IN RE: ADOPTION OF KELSEY S., a minor. STEVEN A., et al., Plaintiffs and Respondents, v. RICKIE M., Defendant and Appellant.
RICKIE M., Plaintiff and Appellant, v. KARI S., Defendant and Respondent.
Rickie Allen M. appeals an order terminating his parental rights to his son, Kelsey S., and permitting Kelsey to be adopted by Steven and Suzanne A. upon his mother, Kari Ann S.'s, consent alone. Appellant argues on appeal that the trial court erred in concluding that he was not the child's presumed father, in not granting him a parental placement preference, and in applying the preponderance of the evidence standard of proof to the proceeding. We disagree and affirm.

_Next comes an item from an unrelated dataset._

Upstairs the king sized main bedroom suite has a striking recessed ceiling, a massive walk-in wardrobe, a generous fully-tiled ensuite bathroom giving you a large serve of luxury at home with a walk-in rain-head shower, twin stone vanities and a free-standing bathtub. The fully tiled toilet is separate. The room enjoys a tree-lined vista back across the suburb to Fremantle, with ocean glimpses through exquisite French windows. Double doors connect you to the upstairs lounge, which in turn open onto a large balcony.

FACTUAL AND PROCEDURAL BACKGROUND
Kelsey was born on May 18, 1988, to Kari Ann S. Kari and appellant are unmarried. On May 20, 1988, appellant commenced an action to establish a parental relationship with and for custody of Kelsey, under Civil Code section 7006.1
On May 24, 1988 respondents A.'s, Kelsey's prospective adoptive parents, filed an adoption petition, under section 226. This petition alleged that appellant was not a presumed father and that only Kari Ann S.'s consent was necessary for Kelsey to be adopted. Kari had apparently already consented to the proposed adoption.

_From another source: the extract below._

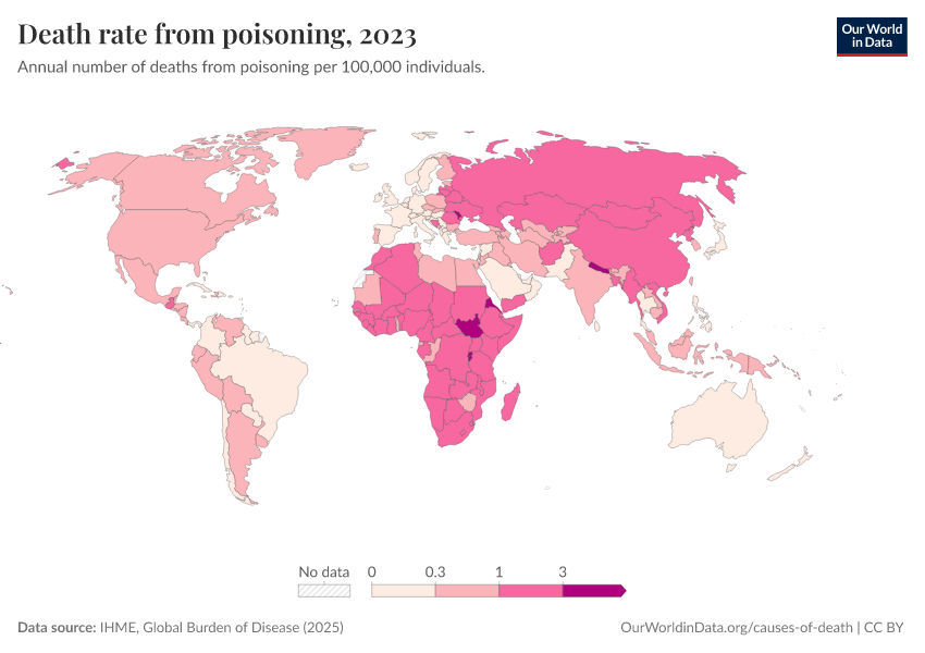 IHME, Global Burden of Disease (2025) – with major processing by Our World in Data. “Death rate from poisoning – IHME” [dataset]. IHME, Global Burden of Disease, “Global Burden of Disease - Deaths” [original data]. Retrieved April 10, 2026 from https://gfs-wave-2-new.owid.pages.dev:8789/20260323-161325/grapher/death-rate-from-poisoning-gbd.html (archived on March 23, 2026).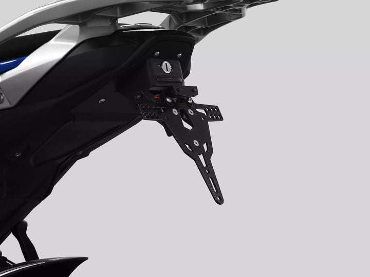 Držák poznávací značky je velmi odolný a odolný proti povětrnostním povětrnostním povětrnostem. , Držák poznávacích značek lze použít pro jakýkoli druh poznávací značky (šířka 175 mm). Není nutná žádná modifikace kapotáže. Plate., Speciální ukazatele světelných světelných ukazatelů (prodává se samostatně) vyžadované pro světla ukazatele zásob. Montážní souprava, LED LED poznávací značka „E schváleno“ vč. Podpora., Zadní světlo s podporou.

On May 31, 1988, the A.'s filed a petition under section 7017, subdivision (d)(2) to terminate appellant's parental rights, alleging, as they had done in the adoption petition, that Kelsey had no presumed father. The trial court then consolidated this action with appellant's section 7006 action, and granted visitation both to appellant and to the A.'s, while returning Kelsey to his mother's custody.
Hearings were held on August 3, 11, 23, 24 and 25 on the combined actions. On August 15, the trial court ruled that appellant was not Kelsey's presumed father. Following submission of the remaining matter, the trial court issued a statement of decision and order on August 26, 1988. The court determined, by a “bare preponderance of the evidence,” that Kelsey's best interests required the termination of appellant's parental rights, and ordered that his consent was not required for the child's adoption. This appeal ensued.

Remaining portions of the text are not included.